When it comes to technology management, planning, and decision making, extracting information from existing data sets—or, predictive analysis—can be an essential business tool. Predictive models are used to examine existing data and trends to better understand customers and products while also identifying potential future opportunities and risks.1
These business intelligence models create forecasts by integrating data mining, machine learning, statistical modeling, and other data technology.
Who uses predictive analytics?
Technology management teams in marketing, finance, insurance, retail, tourism, healthcare, pharmaceutical, and utility companies alike rely on predictive analytics to plan for the future or improve the customer experience. Take Netflix and Amazon for example. Netflix learns which movies viewers are likely to enjoy and Amazon predicts what a customer will buy—even going as far as to patent “anticipatory shipping,” which would deliver packages to a geographic region before a customer actually buys them.2
Benefits of Predictive Analytics
In its multiple forms—predictive modeling, decision analysis and optimization, transaction profiling, and predictive search—predictive analytics can be applied to a range of business strategies and has been a key player in search advertising and recommendation engines.3 These techniques can provide managers and executives with decision-making tools to influence upselling, sales and revenue forecasting, manufacturing optimization, and even new product development. Though useful and beneficial, predictive analytics isn’t for everyone.
Drawbacks and Criticism
A company that wishes to utilize data-driven decision-making needs to have access to substantial relevant data from a range of activities, and sometimes big data sets are hard to come by. Even if a company has sufficient data, critics argue that when anticipating human behavior computers and algorithms fail to consider variables—from changing weather to moods to relationships—that might influence customer-purchasing patterns.

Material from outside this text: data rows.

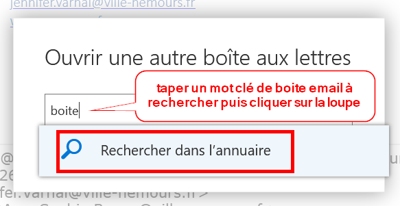 taper l'adresse et cliquer sur "Rechercher dans les contacts et l'annuaire"
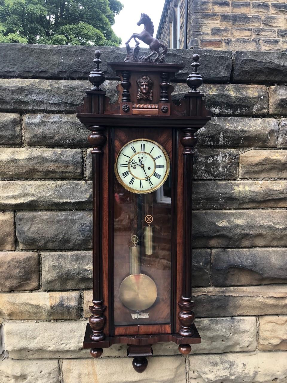 Antique Walnut Double Weight Vienna Wall Clock
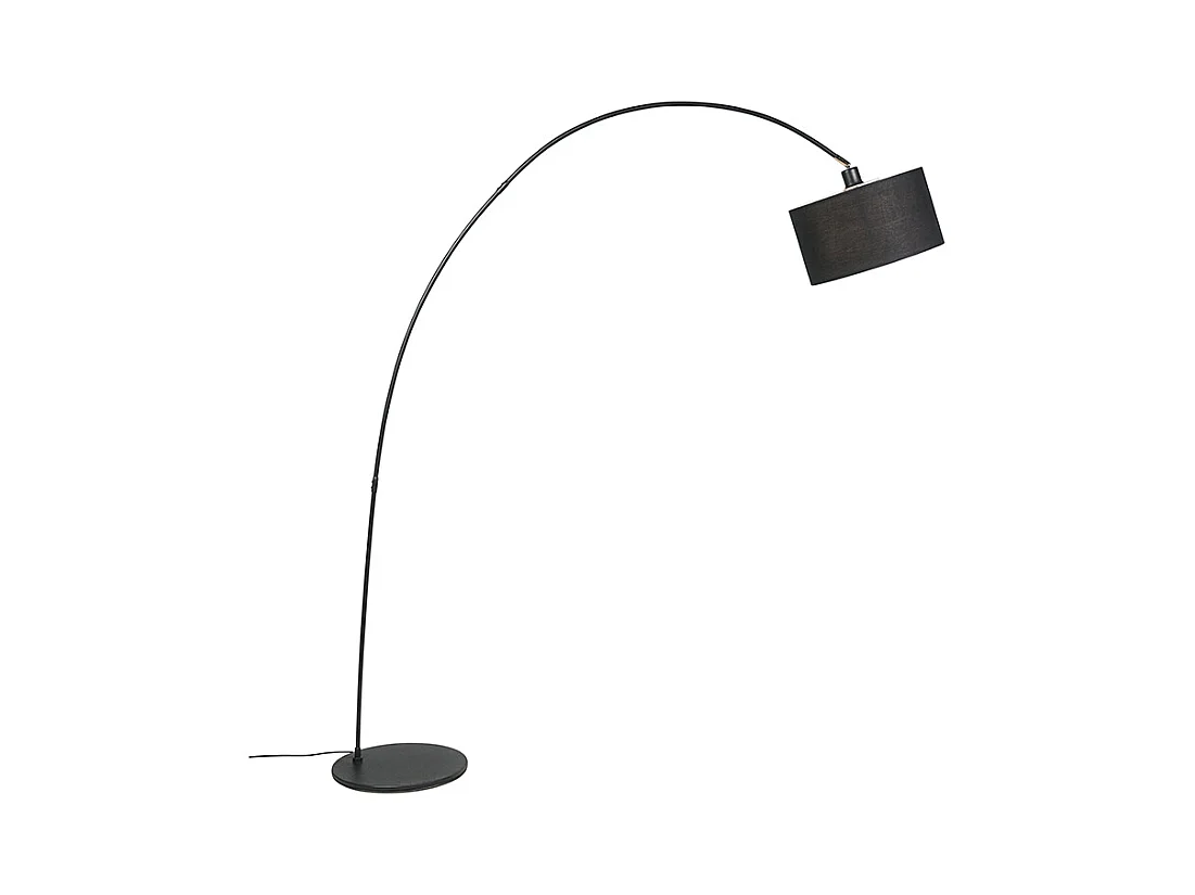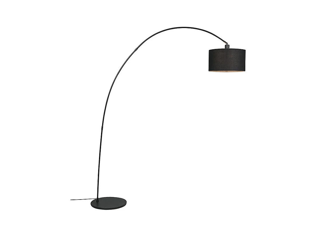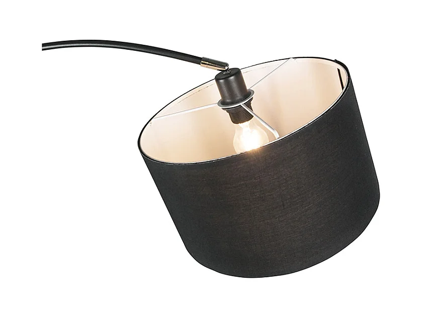 Lampe à arc moderne noire avec abat-jour en tissu noir - Arc Basic
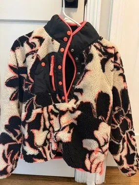 FP Movement by Free People Floral Sherpa Pullover Jacket in Cream, Black & Coral
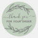 Art moderne ligne feuille de laurier "merci pour votre commande" avec police de script classique autocollant rond
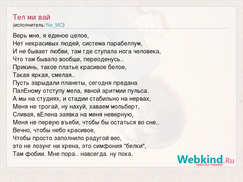 Верь мне, я единое целое, Нет некрасивых людей, система парабеллум, И не бывает любви, там где ступала нога человека, Что там бывало вообще, переоденусь.. Прикинь, такое платье красивое белое, Такая яркая, смелая.. Пусть зарыдали планеты, сегодня предана ПалЕному отступу мела, явной аритмии пульса. А мы на студиях, и стадии стабильно на нервах, Меня не трогай, ну нахуй, хаваем мольберт, Сливая, вЕлена заявка на меня неверную, Меня не первую въеби, чтобы бы остаться во сне.. Вечно, чтобы небо красивое, Чтобы просто заполнило радугой вес, это не лозунг ни хрена, это симфония "белки", Там фобии. Мне пора.. навсегда. ну пока.
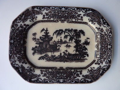 Title (ebay affiliate link): 11" Antique Podmora Walker & CO Corean Pearl Bone China Platter Black White
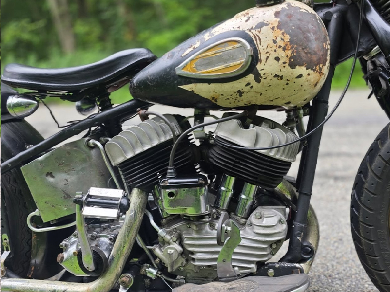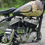 近年アメリカでも見つけることが難しく純正フレームに搭載されている車両は殆ど見かけなくなりました。Uは一度乗るとやみつきになり、他のHDとは違った乗り味で最高速こそでませんが、下からゆるやかに加速しとてもフィーリングが良いエンジンです。バサバサーっと走る感じです。このようばボバースタイルにエイプぶち上げカットダウンな感じを東部ではジャージースタイルと呼ぶそうです。エンジンはリビルドされているようですので到着後試乗動画を撮影しYoutubeにアップします。
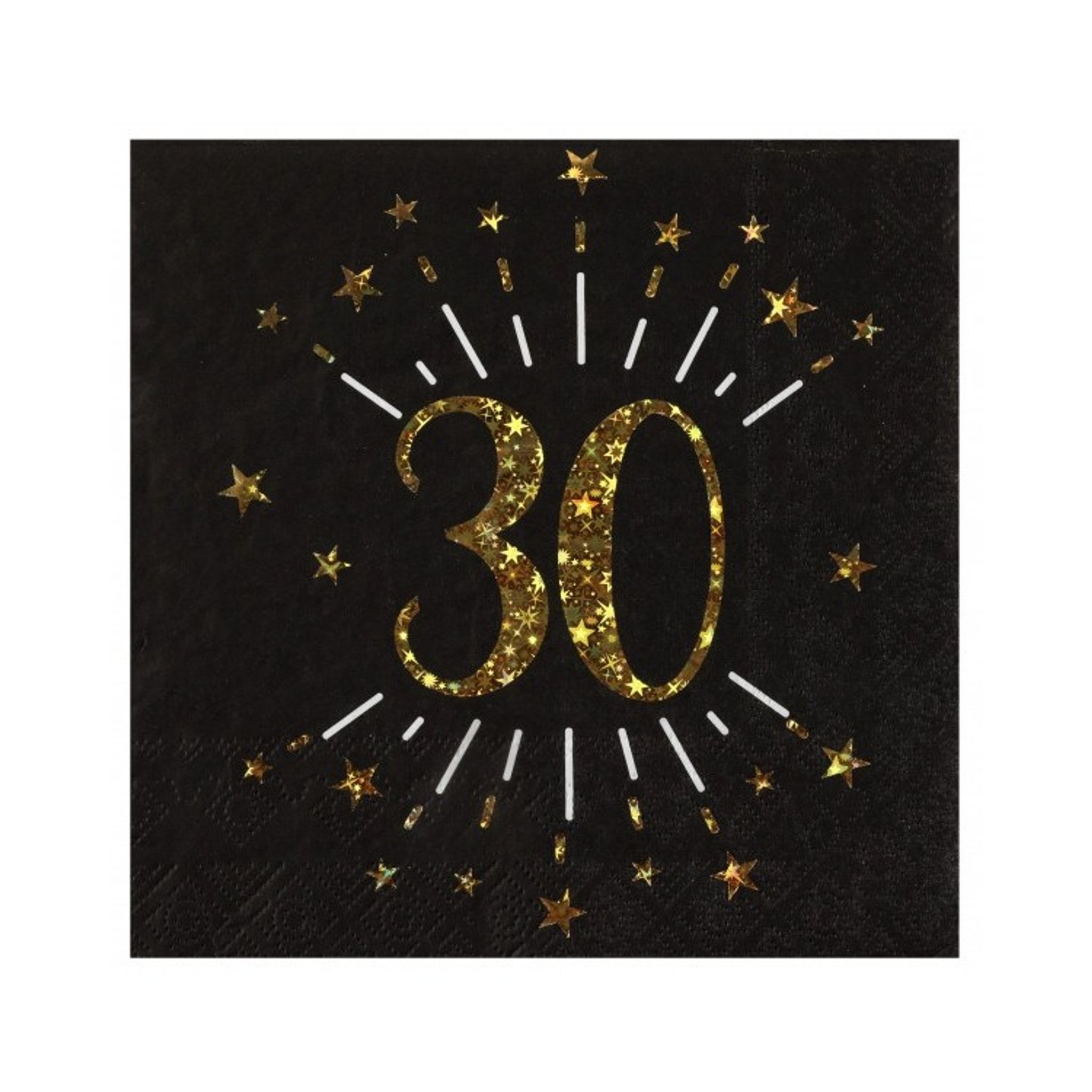 10 st snygga svarta servetter med 30 i guld. Servetterna har även dekorationer i både guld och vitt och passar perfekt till dukningen när 30-åringen ska firas.
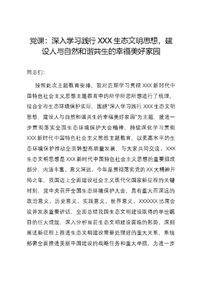党课:深入学习践行习近平生态文明思想,建设人与自然和谐共生的幸福美好家园.docx

Time also plays a role in how well these techniques work. Though a model may be successful at one point in time, customer behavior changes with time and therefore a model must be updated. The financial crisis in 2008-2009 exemplifies how crucial time consideration is because invalid models were predicting the likelihood of mortgage customers repaying loans without considering the possibility that housing prices might drop.4
A thorough understanding of predictive analytics can help you with business forecasting, deciding when and when not to implement predictive methods into a technology management plan, and managing data scientists.